Stored items from a collection:
=-=-=

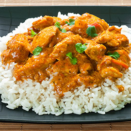 Chunky pieces of chicken cooked in a traditional Curry sauce.
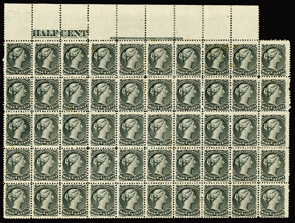 #21, 1868 ½c Black, top sheet margin part sheet of 50, with full imprint and counter and showing a wealth of varieties, including a vertical guide line in the left margins of pos. 1 and 11, almost the entire left four columns with "spur" varieties on pos 1-3, 11-14, 21-24, 31-34 and 42-44, the line above "P' of "Postage" on pos 12 (#21ii), dot in "E" of "cent" on pos. 16,dot in "D" of "Canada" on pos. 31 and the "H" spur in pos. 4 (#21v), full original gum, eighteen are never hinged, a couple hinge reinforcements and a few with toned spots on gum as is to be expected, centering varies from fine to very fine, with nearly all having perfs. clear of design, a remarkable and rare positional multiple that eminently exhibitable (Unitrade as fine hinged C$6,000.00+)
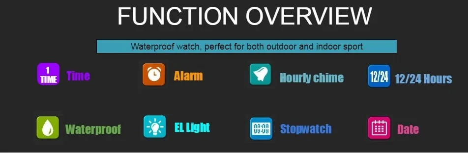 С двумя часовыми поясами Дисплей Цифровой: часы, минуты, секунды, pm, месяц, дата, день 12/24 формата отображения времени Функция будильника и ежечасного звонка Специальный дизайн с хронографом (секундомером) с шагом 0,01 секунд
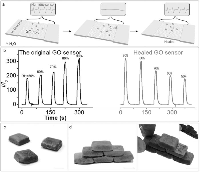 a. GO薄膜湿度传感器在初始态、断裂及自愈合后的示意图;
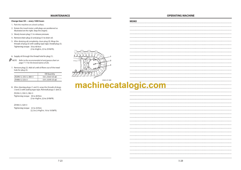 Hitachi ZX29U-3, ZX33U-3, ZX38-3, ZX48U-3, ZX52U-3 Hydraulic Excavator Operator’s Manual (EM1NE-EN1-2, EM1NE-EN1-2T)
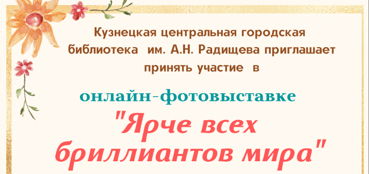 С 1 по 26 ноября в соцсетях Кузнецкой центральной городской библиотеки им. А.Н. Радищева будет проходить онлайн-фотовыставка «Ярче всех бриллиантов мира», посвящённая Дню матери. В фотовыставке могут участвовать все желающие, необходимо лишь личным сообщением прислать красивую...
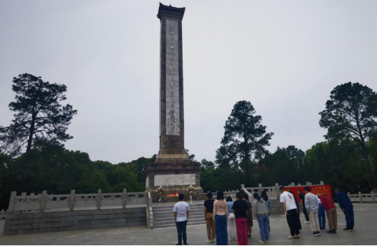 5月10日到达之后,大家在麻城市烈士陵园开展专题党课,缅怀革命先烈。全体党员在黄麻起义和鄂豫皖苏区革命烈士纪念碑前庄严肃立,敬献花篮,集体默哀鞠躬,深切缅怀为民族解放事业英勇献身的英烈。全体党员重温入党誓词,铿锵誓言回荡在苍松翠柏间。随后,大家在纪念园内系统学习革命根据地建设与群众路线的历史经验,在庄重肃穆的氛围中感悟“坚守信念、胸怀全局、团结奋进、勇当前锋”的大别山精神。

=-=-=

Task goal.
Nothing outside the stretch above, from the line with "a. GO薄膜湿度传感器在初始态、断裂及自愈合后的示意图;" through the line with "Hitachi ZX29U-3, ZX33U-3, ZX38-3, ZX48U-3, ZX52U-3", is set down. Transcribe that stretch exactly, ends included, but not its pictures.

Answer to the exercise.
 a. GO薄膜湿度传感器在初始态、断裂及自愈合后的示意图;
 Hitachi ZX29U-3, ZX33U-3, ZX38-3, ZX48U-3, ZX52U-3 Hydraulic Excavator Operator’s Manual (EM1NE-EN1-2, EM1NE-EN1-2T)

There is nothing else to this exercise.